[Start of section]

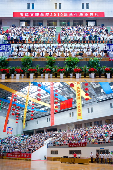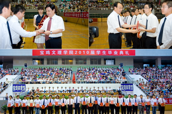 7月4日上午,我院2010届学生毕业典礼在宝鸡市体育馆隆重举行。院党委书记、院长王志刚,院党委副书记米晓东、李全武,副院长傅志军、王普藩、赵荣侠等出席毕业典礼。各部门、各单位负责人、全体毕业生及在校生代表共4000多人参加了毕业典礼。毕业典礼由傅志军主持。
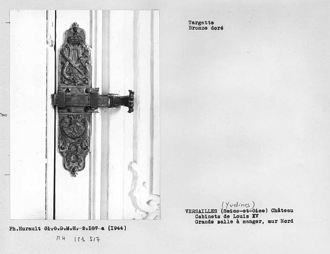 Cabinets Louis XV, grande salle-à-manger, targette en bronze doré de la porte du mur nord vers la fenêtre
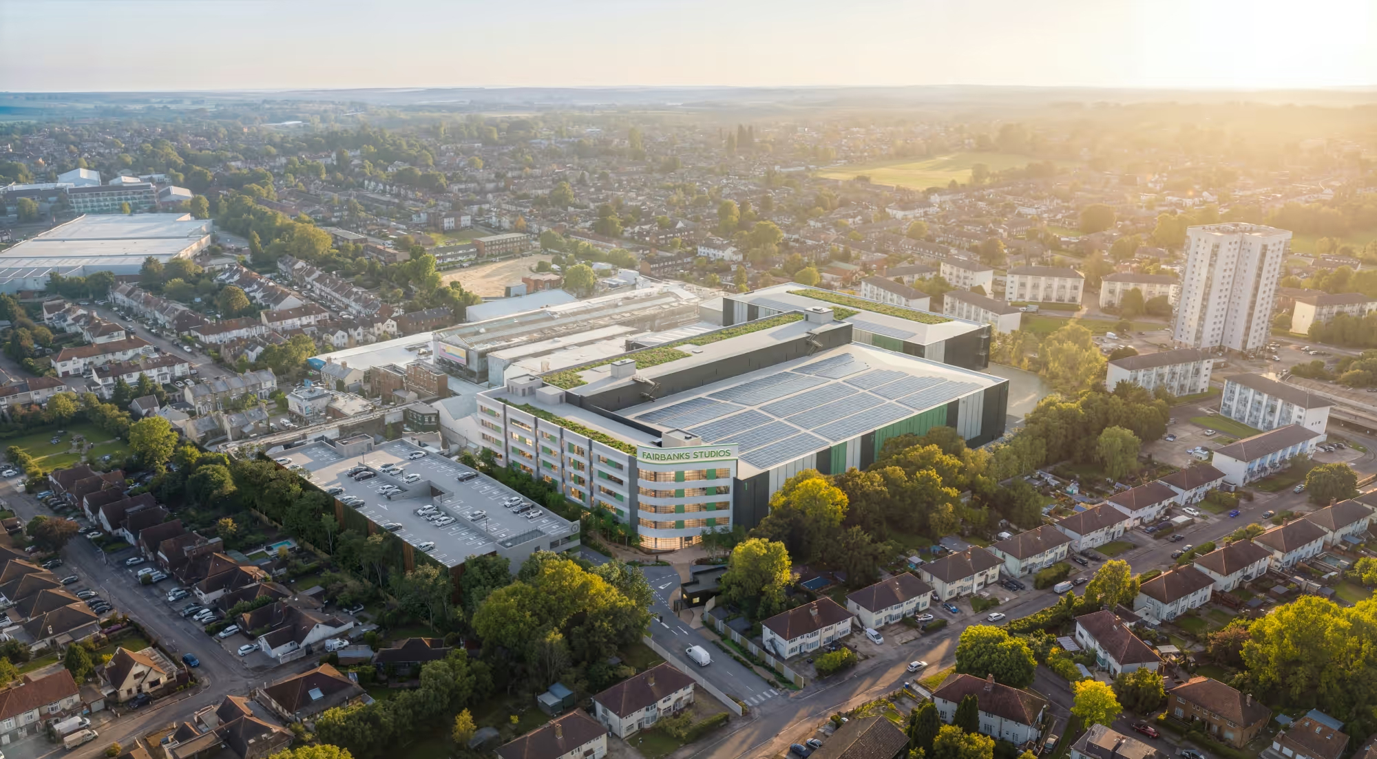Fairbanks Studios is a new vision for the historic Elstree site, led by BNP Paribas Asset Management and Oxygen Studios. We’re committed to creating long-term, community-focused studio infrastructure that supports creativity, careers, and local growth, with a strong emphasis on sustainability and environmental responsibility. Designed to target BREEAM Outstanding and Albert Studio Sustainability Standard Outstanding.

[End of section]
[Start of section]

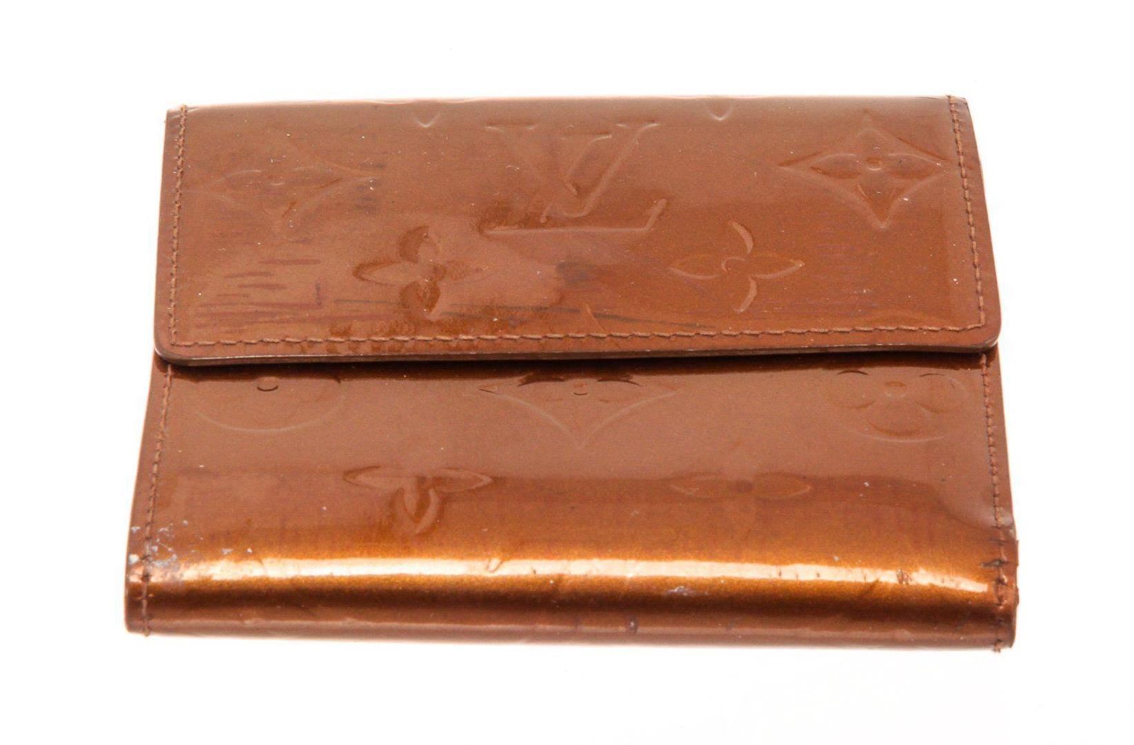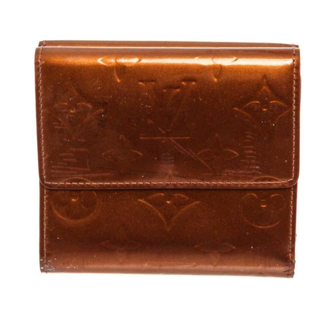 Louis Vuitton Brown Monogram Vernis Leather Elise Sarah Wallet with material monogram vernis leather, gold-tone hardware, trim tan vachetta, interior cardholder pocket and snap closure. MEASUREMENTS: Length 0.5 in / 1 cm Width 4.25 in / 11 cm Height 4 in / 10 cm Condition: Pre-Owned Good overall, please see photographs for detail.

[End of section]
[Start of section]

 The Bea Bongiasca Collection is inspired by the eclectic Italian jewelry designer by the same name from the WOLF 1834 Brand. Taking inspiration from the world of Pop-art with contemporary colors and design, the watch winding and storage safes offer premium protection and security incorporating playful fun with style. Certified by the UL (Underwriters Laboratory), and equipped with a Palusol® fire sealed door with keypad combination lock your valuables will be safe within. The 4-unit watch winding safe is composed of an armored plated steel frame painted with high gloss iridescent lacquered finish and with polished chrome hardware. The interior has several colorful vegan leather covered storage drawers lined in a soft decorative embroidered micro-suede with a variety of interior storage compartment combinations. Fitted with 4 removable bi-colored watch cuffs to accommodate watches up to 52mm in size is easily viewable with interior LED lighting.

[End of section]

INSTRUCTIONS FOR THE TASK —
Give again, exactly as written above, every line from the one holding "Cabinets Louis XV, grande" to the one holding "Fairbanks Studios is", with both ends kept and the pictures left out.

COMPLETED EXERCISE —
 Cabinets Louis XV, grande salle-à-manger, targette en bronze doré de la porte du mur nord vers la fenêtre
Fairbanks Studios is a new vision for the historic Elstree site, led by BNP Paribas Asset Management and Oxygen Studios. We’re committed to creating long-term, community-focused studio infrastructure that supports creativity, careers, and local growth, with a strong emphasis on sustainability and environmental responsibility. Designed to target BREEAM Outstanding and Albert Studio Sustainability Standard Outstanding.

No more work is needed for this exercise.